Segment Start: Extracted material
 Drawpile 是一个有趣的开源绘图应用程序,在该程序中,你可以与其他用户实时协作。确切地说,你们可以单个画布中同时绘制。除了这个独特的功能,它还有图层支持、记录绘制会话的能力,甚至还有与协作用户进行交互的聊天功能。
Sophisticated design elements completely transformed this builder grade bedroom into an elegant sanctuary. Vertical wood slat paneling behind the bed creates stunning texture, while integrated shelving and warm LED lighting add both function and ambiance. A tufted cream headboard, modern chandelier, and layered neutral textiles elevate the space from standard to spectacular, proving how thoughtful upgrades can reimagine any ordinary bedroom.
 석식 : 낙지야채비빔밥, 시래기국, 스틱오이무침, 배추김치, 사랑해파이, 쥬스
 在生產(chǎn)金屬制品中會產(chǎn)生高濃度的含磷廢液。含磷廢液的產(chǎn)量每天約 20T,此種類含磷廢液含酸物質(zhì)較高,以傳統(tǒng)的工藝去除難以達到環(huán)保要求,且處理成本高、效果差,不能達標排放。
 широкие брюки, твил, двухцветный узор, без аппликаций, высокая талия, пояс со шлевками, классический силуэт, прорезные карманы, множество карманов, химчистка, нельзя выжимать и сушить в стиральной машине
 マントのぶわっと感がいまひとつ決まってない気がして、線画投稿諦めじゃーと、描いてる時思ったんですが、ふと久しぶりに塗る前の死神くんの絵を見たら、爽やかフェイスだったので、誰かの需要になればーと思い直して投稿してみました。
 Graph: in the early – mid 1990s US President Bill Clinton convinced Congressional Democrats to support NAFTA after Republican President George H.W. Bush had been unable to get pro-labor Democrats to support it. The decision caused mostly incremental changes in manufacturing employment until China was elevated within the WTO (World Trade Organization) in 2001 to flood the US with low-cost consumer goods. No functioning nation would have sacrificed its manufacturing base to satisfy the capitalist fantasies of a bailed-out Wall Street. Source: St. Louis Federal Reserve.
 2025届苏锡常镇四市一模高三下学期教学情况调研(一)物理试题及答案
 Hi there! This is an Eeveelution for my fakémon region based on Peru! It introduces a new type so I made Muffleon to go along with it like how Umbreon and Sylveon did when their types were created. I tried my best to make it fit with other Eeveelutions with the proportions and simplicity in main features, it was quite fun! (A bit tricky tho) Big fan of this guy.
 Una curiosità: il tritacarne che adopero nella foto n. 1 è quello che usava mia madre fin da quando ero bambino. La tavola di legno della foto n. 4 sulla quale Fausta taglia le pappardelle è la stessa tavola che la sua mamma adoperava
Segment End: Extracted material
■ What you are asked to do: Each line from the one with "Hi there! This" through the last line of the records must be written out word for word. Include nothing else.

■ Final answer:
 Hi there! This is an Eeveelution for my fakémon region based on Peru! It introduces a new type so I made Muffleon to go along with it like how Umbreon and Sylveon did when their types were created. I tried my best to make it fit with other Eeveelutions with the proportions and simplicity in main features, it was quite fun! (A bit tricky tho) Big fan of this guy.
 Una curiosità: il tritacarne che adopero nella foto n. 1 è quello che usava mia madre fin da quando ero bambino. La tavola di legno della foto n. 4 sulla quale Fausta taglia le pappardelle è la stessa tavola che la sua mamma adoperava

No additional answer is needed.